I am trying to understand how intersections of images and kernals under $k$-th powered linear mappings can be non-trival for some values of $k$ rather than others.
Let $Y$ be a 6 dimensional vector space over some field $\mathbb F$ and $T\in L(Y, Y)$.

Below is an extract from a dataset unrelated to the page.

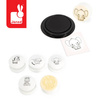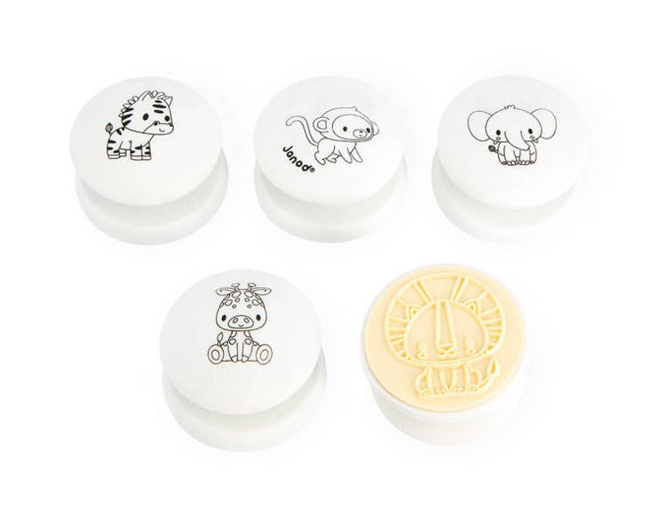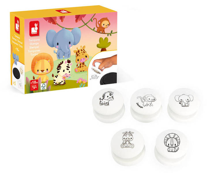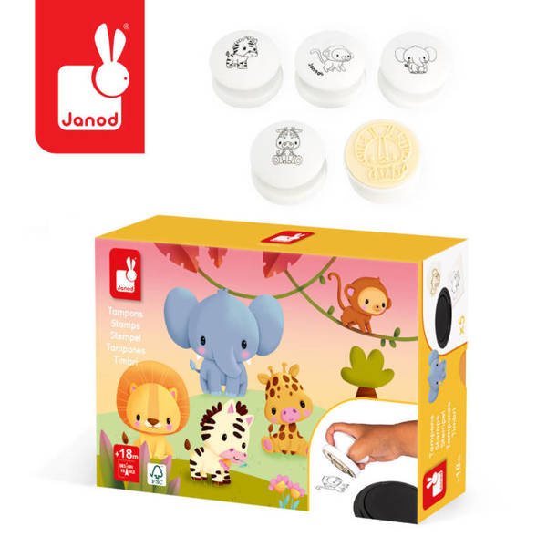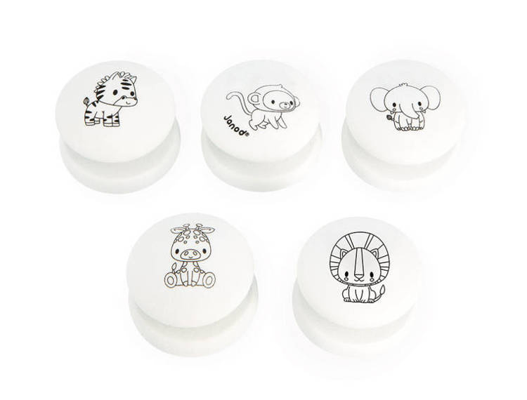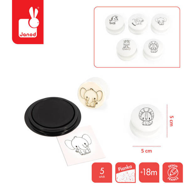 Zestaw kreatywny Stempelki Sawanna francuskiej marki JANOD zawiera 5 sporej wielkości poręcznych stempelków z uroczymi grafikami: zebrą, małpką, słoniem, żyrafą i lwem. Z ich pomocą można ozdabiać wybrane powierzchnie, tworzyć ciekawe historie czy kolorować odbite obrazki. Białe okrągłe uchwyty stempelków wykonane są z drewna i są przyjemnie zaokrąglone. W komplecie znajduje się też poduszeczka z czarnym tuszem. Stemplowanie to dla dziecka wiele długich chwil angażującej i jednocześnie uspokajającej zabawy. Zestaw zaprojektowano we Francji. Zapakowany jest w estetyczne kartonowe pudełko. Idealnie nadaje się na prezent.

Suppose there are two vectors $\mathbf{u}$, $\mathbf{v}$ such that $$T^3(\mathbf{u}) = T^3(\mathbf{v}) = \mathbf{0} \quad \quad \textrm{ where } T^2(\mathbf{u}) \textrm{ and } T^2(\mathbf{v}) \textrm{ are linearly independent. } $$
Let $$N_{1} = \text{span}\{\mathbf{u},\mathbf{v}\} \quad \textrm{ and } \quad N_{2} = \text{span}\{T(\mathbf{u}), T(\mathbf{v})\} \quad \textrm{ and } \quad N_{3} = \text{span}\{T^2(\mathbf{u}),T^2(\mathbf{v})\}$$
We know and can prove that $Y = N_{1} ⊕ N_{2} ⊕ N_{3}$.
My question is knowing that $\quad Y=N1⊕N2⊕N3 \quad$ how could we explain why $\quad im(T^2) \cap ker(T^2) \quad$ is not trivial but $\quad im(T^k) \cap ker(T^k) \quad$ is trivial for all $k \geq 3$?
$Y = N_{1} ⊕ N_{2} ⊕ N_{3}$ tells you a lot of information.
for $k\geq 3$ you have $T^k$ annihilates $N_i$ for arbitrary $i$ so $T^kY =\mathbf 0\implies \ker T^k = Y \text{ and } T^k =\mathbf 0$. The intersection is zero dimensional.
If $\text{im}T^2 \cap \ker T^2=\{0\}$ then $\text{rank}\big(T^2\big)=\text{rank}\big(T^3\big)=0$ so
$T^2(\mathbf{u}) \textrm{ and } T^2(\mathbf{v})$ are both zero and hence not linearly independent, a contradiction. Thus $\text{im }T^2 \cap \ker T^2\neq \{0\}$